Segment Start: Information given

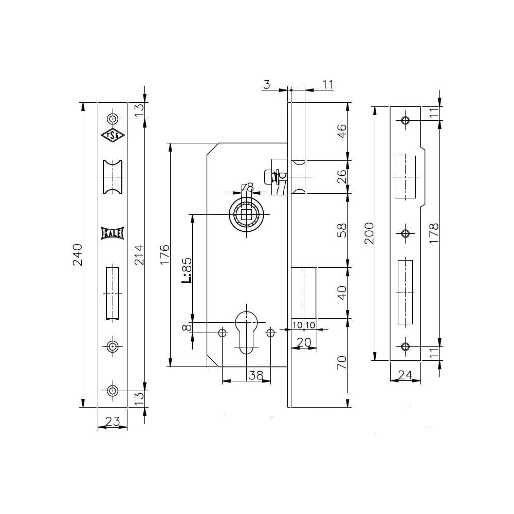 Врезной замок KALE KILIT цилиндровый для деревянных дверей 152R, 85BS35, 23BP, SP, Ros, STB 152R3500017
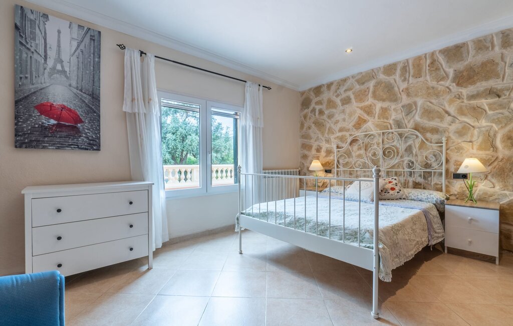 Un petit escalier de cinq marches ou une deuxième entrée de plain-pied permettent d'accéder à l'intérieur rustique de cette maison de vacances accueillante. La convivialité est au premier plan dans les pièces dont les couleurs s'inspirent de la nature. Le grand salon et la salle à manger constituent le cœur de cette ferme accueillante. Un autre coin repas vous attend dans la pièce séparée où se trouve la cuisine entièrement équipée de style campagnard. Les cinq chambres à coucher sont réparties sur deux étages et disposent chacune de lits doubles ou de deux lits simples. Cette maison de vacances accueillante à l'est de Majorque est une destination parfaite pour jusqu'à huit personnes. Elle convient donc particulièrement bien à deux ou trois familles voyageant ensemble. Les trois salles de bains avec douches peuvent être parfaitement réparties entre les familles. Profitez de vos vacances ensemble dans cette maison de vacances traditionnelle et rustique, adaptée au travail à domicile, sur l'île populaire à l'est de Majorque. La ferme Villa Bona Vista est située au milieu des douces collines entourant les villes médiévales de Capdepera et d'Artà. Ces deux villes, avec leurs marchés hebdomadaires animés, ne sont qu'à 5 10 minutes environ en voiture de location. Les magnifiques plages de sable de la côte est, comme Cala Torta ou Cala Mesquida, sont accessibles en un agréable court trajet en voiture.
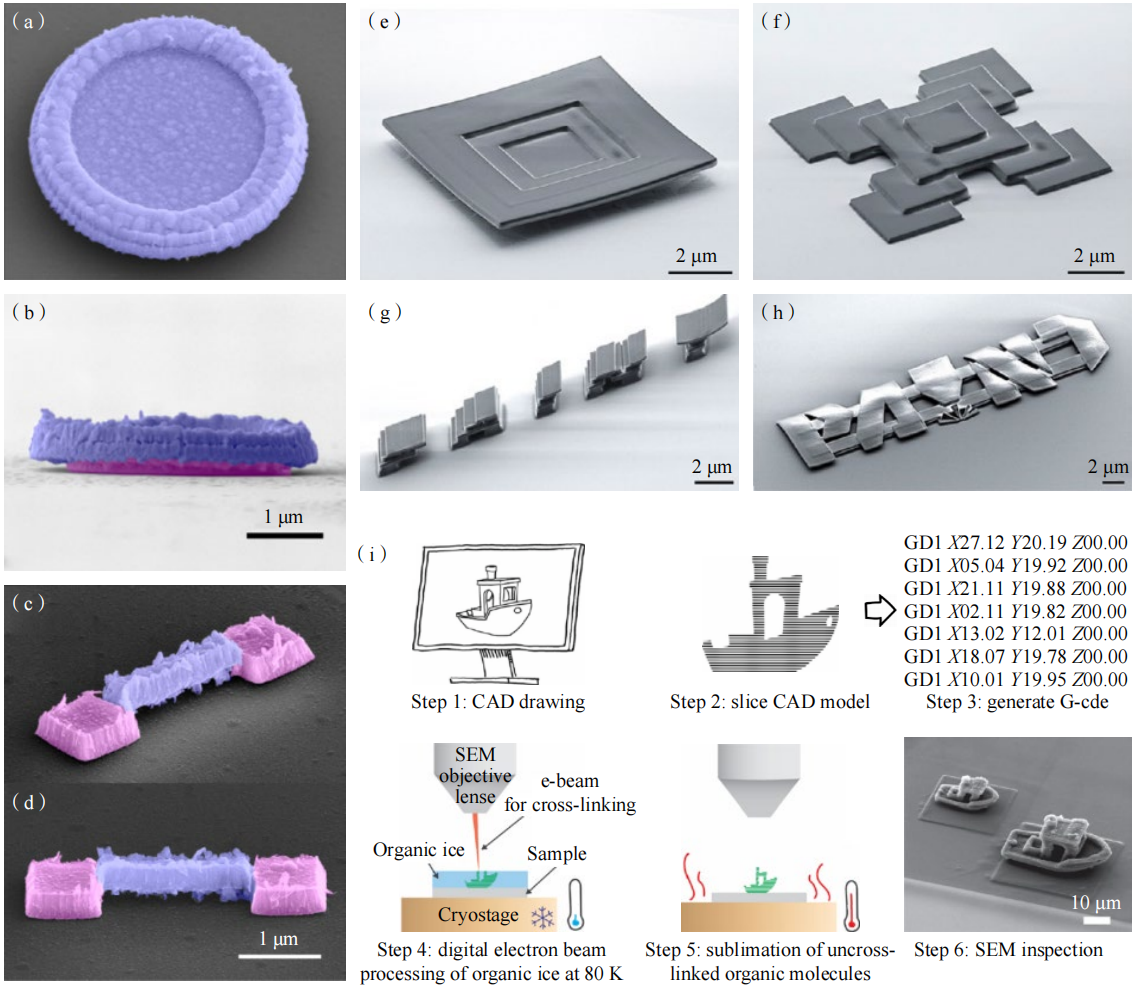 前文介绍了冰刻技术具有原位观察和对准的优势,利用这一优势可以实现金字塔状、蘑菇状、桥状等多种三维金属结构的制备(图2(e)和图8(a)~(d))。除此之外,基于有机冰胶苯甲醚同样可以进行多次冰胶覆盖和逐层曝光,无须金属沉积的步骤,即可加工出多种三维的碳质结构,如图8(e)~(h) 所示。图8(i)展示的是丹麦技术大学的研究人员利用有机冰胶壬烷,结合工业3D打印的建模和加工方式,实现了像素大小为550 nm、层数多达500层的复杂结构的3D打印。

Segment End: Information given
Segment Start: Information given

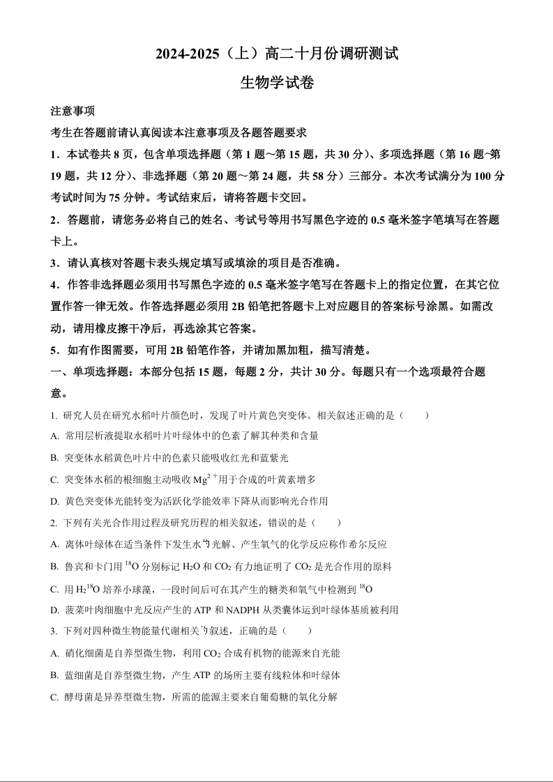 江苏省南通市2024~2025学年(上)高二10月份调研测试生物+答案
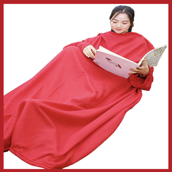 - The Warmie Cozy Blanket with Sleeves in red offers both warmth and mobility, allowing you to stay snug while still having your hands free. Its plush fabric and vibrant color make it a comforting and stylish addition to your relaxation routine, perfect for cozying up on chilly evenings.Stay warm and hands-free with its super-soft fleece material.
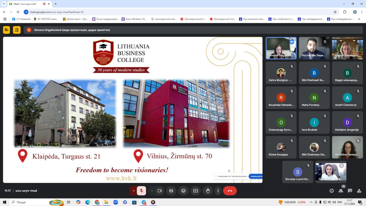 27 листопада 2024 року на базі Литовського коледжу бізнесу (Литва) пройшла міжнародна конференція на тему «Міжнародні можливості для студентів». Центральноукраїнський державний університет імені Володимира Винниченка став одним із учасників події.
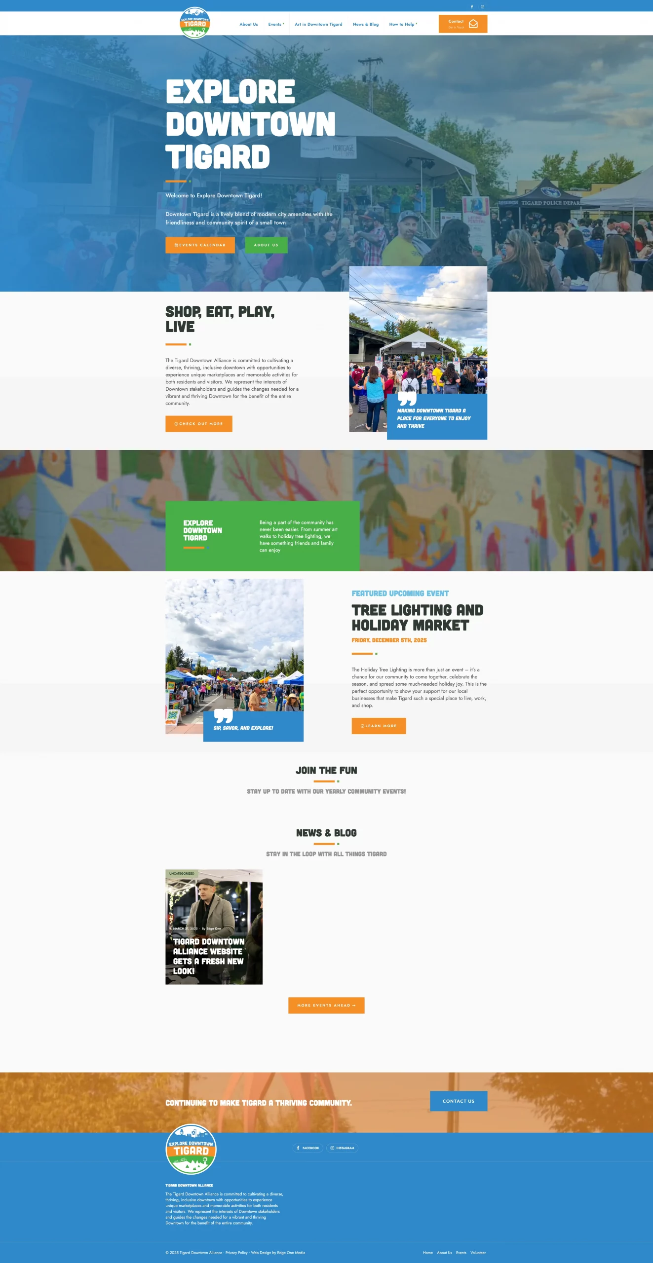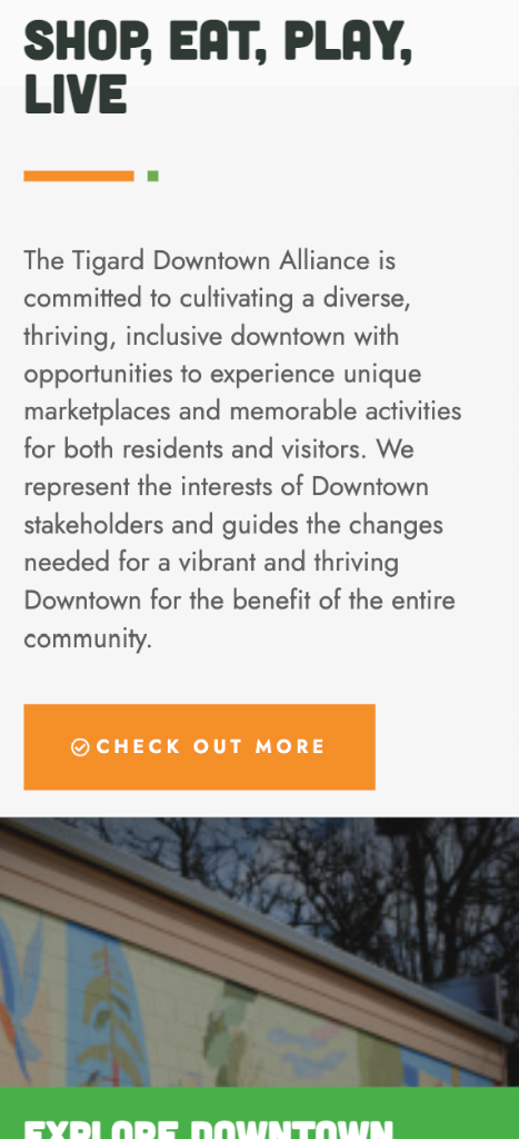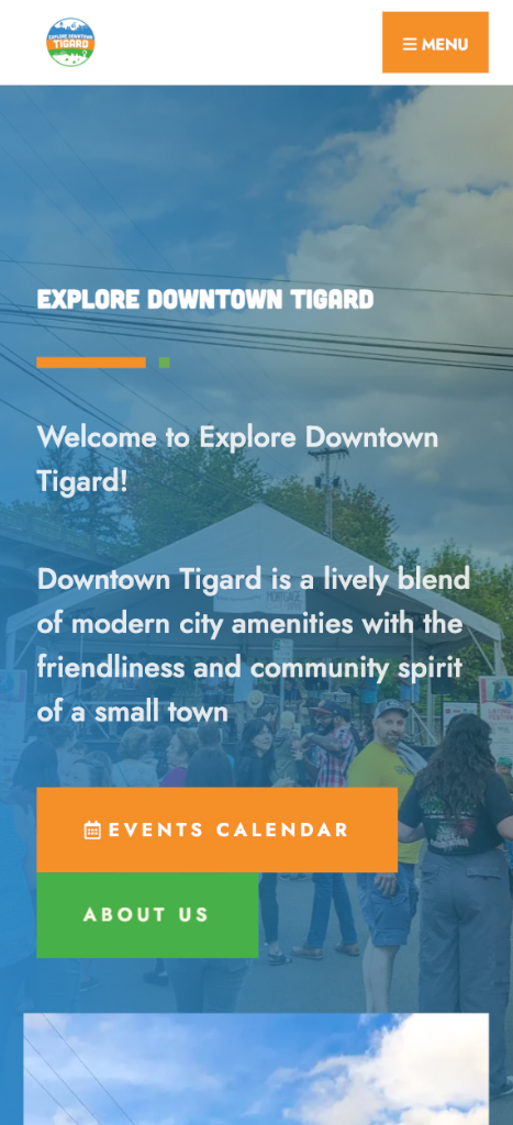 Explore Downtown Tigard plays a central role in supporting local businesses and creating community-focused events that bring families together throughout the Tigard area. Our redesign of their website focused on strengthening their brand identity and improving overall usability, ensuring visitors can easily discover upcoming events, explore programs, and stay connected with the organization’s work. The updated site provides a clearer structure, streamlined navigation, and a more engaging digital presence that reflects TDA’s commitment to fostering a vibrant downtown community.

Segment End: Information given
Segment Start: Information given

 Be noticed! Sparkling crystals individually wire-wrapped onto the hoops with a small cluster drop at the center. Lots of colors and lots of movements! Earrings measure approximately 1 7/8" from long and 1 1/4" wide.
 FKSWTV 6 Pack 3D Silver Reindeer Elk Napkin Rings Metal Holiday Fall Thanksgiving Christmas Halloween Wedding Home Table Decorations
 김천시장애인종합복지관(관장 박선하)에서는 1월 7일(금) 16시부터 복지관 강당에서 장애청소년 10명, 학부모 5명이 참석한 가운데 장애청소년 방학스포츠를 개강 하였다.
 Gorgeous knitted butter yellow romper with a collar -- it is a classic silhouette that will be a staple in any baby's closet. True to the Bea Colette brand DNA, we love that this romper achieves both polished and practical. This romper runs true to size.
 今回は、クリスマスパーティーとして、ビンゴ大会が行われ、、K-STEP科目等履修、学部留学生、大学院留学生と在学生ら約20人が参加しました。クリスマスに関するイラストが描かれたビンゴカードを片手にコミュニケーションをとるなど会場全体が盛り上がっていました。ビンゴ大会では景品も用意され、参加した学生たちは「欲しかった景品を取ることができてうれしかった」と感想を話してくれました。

Segment End: Information given

* Task item *
From the records above, copy only the lines running from the line containing "27 листопада 2024" to the line containing "Explore Downtown Tigard", both ends included. Leave the pictures out.

* Exercise answer *
 27 листопада 2024 року на базі Литовського коледжу бізнесу (Литва) пройшла міжнародна конференція на тему «Міжнародні можливості для студентів». Центральноукраїнський державний університет імені Володимира Винниченка став одним із учасників події.
 Explore Downtown Tigard plays a central role in supporting local businesses and creating community-focused events that bring families together throughout the Tigard area. Our redesign of their website focused on strengthening their brand identity and improving overall usability, ensuring visitors can easily discover upcoming events, explore programs, and stay connected with the organization’s work. The updated site provides a clearer structure, streamlined navigation, and a more engaging digital presence that reflects TDA’s commitment to fostering a vibrant downtown community.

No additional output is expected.